Jumat 20 Juni 2025
MENJADIKAN KONFLIK SESUATU YANG MENARIK
Bacaan Sabda : Efesus 4:17-32
“Sebab itu kukatakan dan kutegaskan ini kepadamu di dalam Tuhan: Jangan hidup lagi sama seperti orang-orang yang tidak mengenal Allah dengan pikirannya yang sia-sia” (Efesus 4:17)
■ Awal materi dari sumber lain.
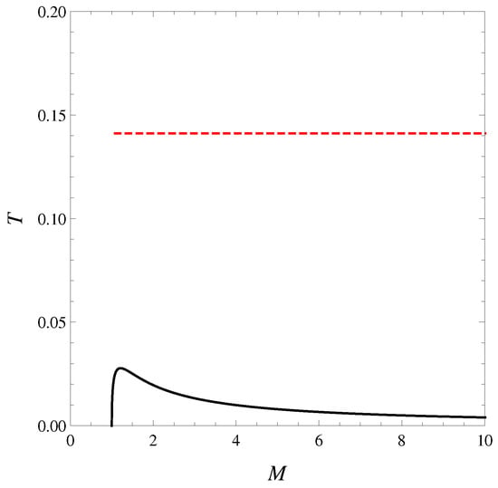 Plots of temperature T as a function of the mass–energy parameter M at fixed J— standard (black solid) and formal logarithm (red dashed) approaches. The standard temperature has a local maximum. The smaller mass branch corresponds with , and the larger mass with . The new temperature is a horizontal line because it is an energy-independent constant.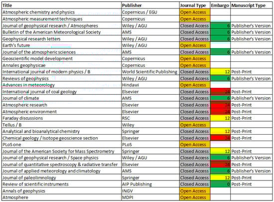 This figure shows an example list of the journals in which a research institute of Forschungszentrum Jülich published in recent years. This list is enriched with information on the journal type and whether green open access is possible in the case of closed access journals. The embargo period is given in months from the date of publication in the journal for the related manuscript type. Closed access journals that meet the embargo period accepted by Horizon 2020 are highlighted in green, and those that also meet the embargo period accepted by the Helmholtz Association are highlighted in yellow. Closed access journals whose embargo period is not accepted by any of the above mentioned institutions are highlighted in red. The presented embargo periods were collected in April 2018.

Kita semua mendambakan kehidupan keluarga yang rukun dan jauh dari konflik antaranggota keluarga. Namun, kita juga sama-sama tahu, mana ada keluarga yang selalu serasi dan tidak pernah mengalami konflik? Jangan pernah mencoba menghilangkan konflik, karena yang perlu kita pelajari adalah cara membuat konflik tidak menjadi pelik, melainkan menjadi sesuatu yang menarik dan membangun.
Ada beberapa cara umum yang dilakukan keluarga dalam menghadapi konflik:
- Meniru cara anak-anak saat berkelahi di tengah permainan. Seorang anak berkata, “Aku tidak main sama kamu lagi,” lalu yang lain menjawab, “Sama!” Kemudian mereka bubar, dan konflik pun dianggap selesai. Sama halnya seperti suami-istri yang saat terjadi konflik berkata, “Ya sudah, kita cerai saja.” Konflik memang berakhir, tetapi dalam pernikahan berikutnya konflik yang sama bisa terulang kembali. Komitmen orang dewasa untuk hidup dalam pernikahan tidak seharusnya sama dangkalnya dengan komitmen anak saat bermain.
- Perkelahian anjing dan kucing. Suami-istri saling memaki dengan kemarahan yang menyala. Saat konflik terjadi, suami menggebrak meja, istri membanting pintu, lalu muncul “piring terbang” di angkasa. Setelah puas, mereka saling menjauh. Setelah reda, mereka berpura-pura mesra sambil menunggu konflik berikutnya.
- Sariawan parah. Artinya malas bicara, saling diam sambil menahan sakit, menyanyi dalam hati, “Sakitnya tuh di sini, di dalam hatiku.” Walaupun diam, sakit hati tetap dipendam. Tapi biasanya, ini seperti menyimpan bom waktu yang siap meledak. Mereka mempraktikkan prinsip “diam demi damai,” tetapi pada kenyataannya berubah menjadi “diam-diam siap membantai.”
Ketiga cara di atas bukan hanya tidak produktif, tetapi justru kontraproduktif. Bukannya menghasilkan kebaikan, malah menambah masalah dan memperburuk keadaan. Cara yang tepat adalah “membicarakan konflik.” Masing-masing pihak membuka perasaan, mendengarkan dengan empati, dan berusaha menempatkan diri pada posisi pasangan. Tidak perlu menentukan siapa yang paling salah, karena biasanya kedua belah pihak memiliki kesalahan dan kebenaran masing-masing.
Terapkan Firman Tuhan dari Yakobus 1:19–20: “Cepat untuk mendengar, lambat untuk berkata-kata, dan lambat untuk marah.” Gunakan juga kunci sederhana namun ampuh berupa tiga kata: “Saya minta maaf.” Dengan menggunakan cara yang tepat, konflik bukan lagi jadi batu sandungan, melainkan menjadi pijakan untuk bertumbuh. Hubungan pun bisa merangkak naik menjadi semakin dewasa dan semakin kuat. MT
Tumpuan yang kuat dalam menghadapi konflik adalah kasih.